ESG hard-coded in Henderson Diversified Income’s DNA
While Environmental, Social and Governance (ESG) assessments of companies have only become a mainstay within investment processes in recent years, analyses of these risks have long been embedded in Henderson Diversified Income’s ‘sensible income’ approach. Here, we find out how the company has ESG analysis at the core of its investment process.
4 minute read
- The Henderson Diversified Income Trust has transitioned to Article 8 under the EU’s Sustainable Finance Disclosure Regulation (SFDR). This hard-codes the assessment of ESG risks that have long been part of the Trust’s investment approach.
- The Trust combines ESG assessments with its ‘Sensible Income’ approach to provide a sustainable income stream to investors. The managers believe that companies will only grow in the long term if they genuinely look after all their stakeholders.
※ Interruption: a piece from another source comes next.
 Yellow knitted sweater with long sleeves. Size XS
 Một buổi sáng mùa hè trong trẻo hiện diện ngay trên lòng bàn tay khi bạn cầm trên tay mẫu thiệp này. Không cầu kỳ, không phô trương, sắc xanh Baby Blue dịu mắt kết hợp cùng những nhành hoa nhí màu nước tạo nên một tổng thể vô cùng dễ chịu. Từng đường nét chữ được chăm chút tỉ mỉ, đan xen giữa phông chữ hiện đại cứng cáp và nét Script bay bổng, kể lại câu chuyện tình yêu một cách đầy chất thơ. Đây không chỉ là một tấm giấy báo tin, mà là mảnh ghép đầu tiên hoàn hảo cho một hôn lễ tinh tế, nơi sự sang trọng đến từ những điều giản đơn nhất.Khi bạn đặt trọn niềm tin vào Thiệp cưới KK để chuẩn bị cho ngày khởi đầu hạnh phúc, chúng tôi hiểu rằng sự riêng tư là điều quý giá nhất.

- ESG considerations should not be an overlay to the investment process, but rather an integral part given their impact on research effectiveness and quality
ESG investing has shot to prominence in recent years – the assessment of environmental, social and governance (ESG) credentials when making investment decisions. Yet, for Henderson Diversified Income, ESG considerations are nothing new, with the managers realising early on that companies will only grow and do well if they genuinely look after the cross-section of stakeholders from across a business’ value chain. What is more, the recent hard-coding of certain exclusions into the investment process due to ESG risks does little to change the company’s investment approach, with it going hand-in-hand with its ‘sensible income’ investment philosophy.
A sea change
When the American Business Roundtable – a powerful lobby of the US’ top CEOs – switched its shareholder focused mantra towards encompassing all stakeholders in 2019, it thrust responsible investing into the limelight. In recent years, the rising number of extreme weather events have shone a light on climate change, and as social justice causes become much more widely reported, ESG investing has grown sharply to meet demand from increasingly socially conscious investors.
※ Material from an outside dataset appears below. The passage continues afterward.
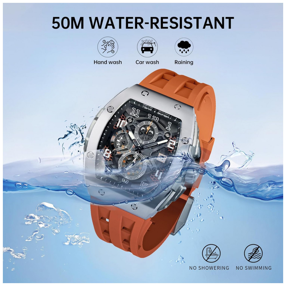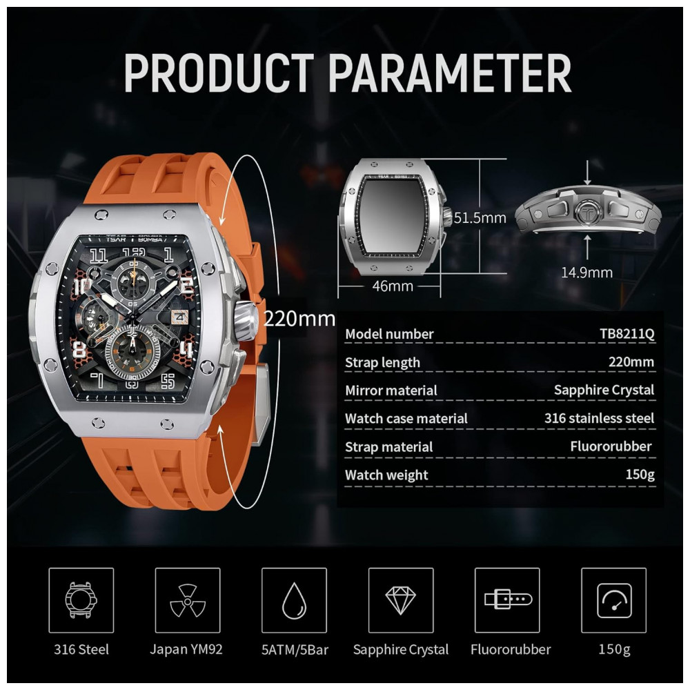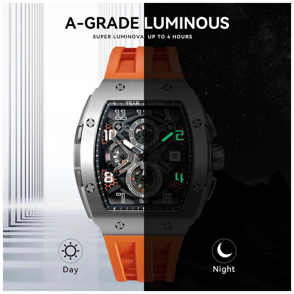 TSAR BOMBA X A interpretação de X, percebe o amor, a sensação de poder é inerente e a inovação está transbordando com estilo chique. A textura de prensagem de óleo da individualidade, rompendo os limites dos relógios de precisão e sentindo novas expectativas para o futuro. 202 procedimentos de processamento requintado, combinando artesanato estético puro e design clássico, enfatizando o retorno ao básico e rastreando a origem, cada aparência será uma experiência extraordinária. Fluorelastômero de liberação rápida Um grau luminoso Continue a explorar e inovar, atualize o uso da pulseira de fluoroelastômero de liberação rápida, pulso adequado, confortável de usar, resistência a altas temperaturas, anti oxidação, resistência a óleo, mais durável. A alça pode ser facilmente substituída por um puxão e um slide. Upgrade Um grau luminoso, torne se o guardião da noite, forneça lhe tempo preciso. 50M à prova dágua, o relógio pode ser para água fria, chuva. Função de cronógrafo multifuncional de cristal de safira Cristal de safira altamente translúcido com revestimento antirreflexo incolor, revestimento de alta tecnologia banhado a íon IP de grau de aviação com tecnologia de corte CNC de ultra precisão, aço inoxidável 316L resistente ao desgaste, processo de retificação a frio de diamante quádruplo para maximizar o atrito e a resistência à corrosão. O contador de segundos do cronógrafo versátil com movimento japonês importado registra cada minuto com precisão para você. Presente Perfeito TSAR BOMBA é adequado para qualquer ocasião.

Large data providers such as MSCI and Sustainalytics have expanded their coverage in lockstep – and with new indices, data, and fresh tools available, investors are able to dig deeper for insights that may be financially material to their investments.
Hard-coded into HDIV’s DNA
Fund managers Jenna Barnard, John Pattullo and Nicholas Ware believe that as stewards of their clients’ capital, assessing ESG issues is a crucial component of investment analysis, helping mitigate tail risks, mitigate against long-term underperformance, and uncover opportunities. Moreover, they believe strong ESG credentials are vital as companies only grow if they consider all of their stakeholders, from employees, to customers, suppliers, bondholders, shareholders, and wider society, including the environment. This is the broadest definition of “sustainable” from their perspective.
As a result, the managers believe ESG considerations should not be an overlay to the investment process, but rather an integral part given their impact on research effectiveness and quality. Recently, this approach has been formalised by shareholders, with the Company transitioning to Article 8 under SFDR. As a result, the company will not make any direct investments in corporate issuers who derive more than 10% of their revenue from oil and gas generation and production, oil sands extraction, and shale extraction, for example. In addition, they will not invest in issuers that derive any revenues from furs or controversial weapons, and they will not invest in countries deemed “Not Free” by the Freedom House Index (see map below).
In addition, where necessary, the managers will utilise the combined power of the wider Janus Henderson group to engage with management to ensure companies are travelling in the right direction on ESG issues. The managers embrace and welcome positive change. They believe that investing in better managed companies from an ESG perspective enables them to gain exposure to more resilient business models, more sustainable cash flows and places them in the best possible position to deliver strong risk adjusted returns for clients over the long-term.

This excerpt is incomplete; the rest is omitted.